Bússola do Muito Mar

Endereço para achamento

jjorgecarvalho@hotmail.com

Número de Ondas

quinta-feira, 8 de junho de 2017

ZONA DE PERECÍVEIS (91)



Serviço de urgência

Passamos a vida a adiar. Às vezes, fazemos bem. Mas a universal mania de procrastinar é, em si mesma, perigosa. De um momento para o outro, já fechou a loja, o balcão, o restaurante. Num piscar de olhos, passou-se (d)o prazo. Em menos de um fósforo, ardeu-se-nos a vida.
Se, à luz do preâmbulo, julgavam que eu vinha para aqui zurzir na ideia de descanso, estais redondamente enganados. Eu sou capaz de trabalhar horas a fio, mas a minha maior vocação é o ócio. Não o vejo como perda de tempo nem como actividade desprovida de méritos: é, aliás, coisa que requer disponibilidade e jeito. O meu Pai ia pouco à praia e era incapaz de aí ficar mais do que breves minutos a olhar para o mar. Levava-nos e fugia, com ou sem pretextos (a minha Mãe desconfiava, quase sempre, de saias). Era, para mim, um mistério esta incapacidade do meu Pai: ele tinha consigo o rádio de pilhas, jornais, cerveja, filhos para jogar futebol, mas era-lhe insuportável a quietude de estar-simplesmente-ali, sem um objectivo (digamos assim) prático.
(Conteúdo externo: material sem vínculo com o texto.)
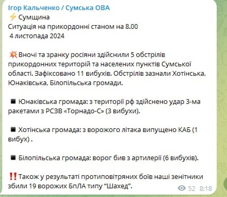 Отмечается, что враг из РСЗО бил по территории Юнаковской громады, КАБом по Хотинской, из артиллерии по Белопольской громаде.
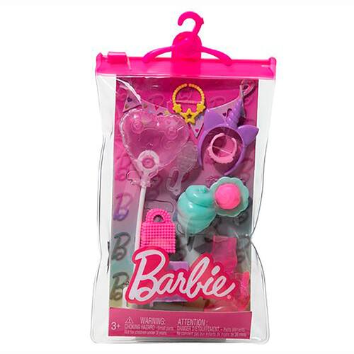 A boneca Barbie está sempre pronta para uma aventura, e seu visual também precisa estar pronto. Esses pacotes de acessórios da Barbie inspiram estilo e narrativa com 11 peças coloridas, escolha entre temas inspirados em festas, musica, dança, roupas de cowboy e muito mais. Os itens incluem acessórios de moda como chapéus, sapatos e bolsas, bem como peças divertidas de narrativa que realçam o tema.

Chegámos a sentir pena do patriarca, tão fora da nossa felicidade absoluta: ele não percebia que ali era o espaço da liberdade mais linda, da paz feita de Sol e de odor oceânico, das raparigas bonitas desfilando pelo areal, de pão com marmelada e livros, de mergulhos e cambalhotas, de imortalidade.
Regresso ao Presente. O fim-de-semana que passou era uma excelente oportunidade para eu ir à praia. Mentalmente, fizera o itinerário há uns dez dias, enquanto bebia uma cerveja preguiçosa no ocaso de certa tarde muito quente. “Apetece-me muito ir à praia”, disse-me eu sem mexer os lábios. “Concordo”, respondi-me, sem que outrem pudesse ouvir. Ficou combinado.
Entre os planos e a concretização dos planos, meteu-se a vida de permeio (como diria o beatle Lennon): luzes de casa para substituir, carro da Filha para levar à oficina, testes para classificar, consulta de dermatologia para a Mãe. No meio da azáfama burguesa, ainda havia espaço para espreitarmos a praia da Tocha? Havia. Enrolou-se-me, contudo, a famosa serpente da fadiga, espécie de pântano com braços, que simpaticamente nos vai afogando pés, pernas, tronco, vontade. “Hoje, já não vamos”, disse-me eu, no Domingo, sem mexer os lábios. “Também já não me apetece”, respondi-me, sem que outrem pudesse ouvir.
Tudo isto é demasiado prosaico, receio eu, para o inscrever em crónica de jornal decente. Mas, já no encerramento de Domingo, em vésperas do regresso à lida transmontana, aconteceu-me falar em família naquela ideia antiga de arrendarmos, talvez em Agosto, uma casa na Tocha, dividindo despesas e convivendo todos por uma semana ou duas. E de, ao entusiasmo espontâneo, sucederem algumas reticências, porque alguém se tinha comprometido já com casa no Algarve, porque alguém comprara já bilhetes para a Madeira, porque vinha família do estrangeiro na mesma altura, porque não se sabia o que podia acontecer entretanto (gente idosa &, doenças), etc. Então, eu disse, num bocejo resignado: “Não há problema. Se não for neste ano, vamos no próximo. Temos tempo.”
Ora, nesse instante, a minha querida Mãe, provavelmente a marimbar-se para a praia e a pensar em paisagens mais além, contrapôs: “Cada vez temos menos tempo.
De modo que é assim: adiar é coisa perigosa. Já vo-lo tinha dito?

Coimbra, 05 de Junho de 2017.
Joaquim Jorge Carvalho
[Esta crónica foi publicada no semanário O Ribatejo, edição de 08-06-2017.]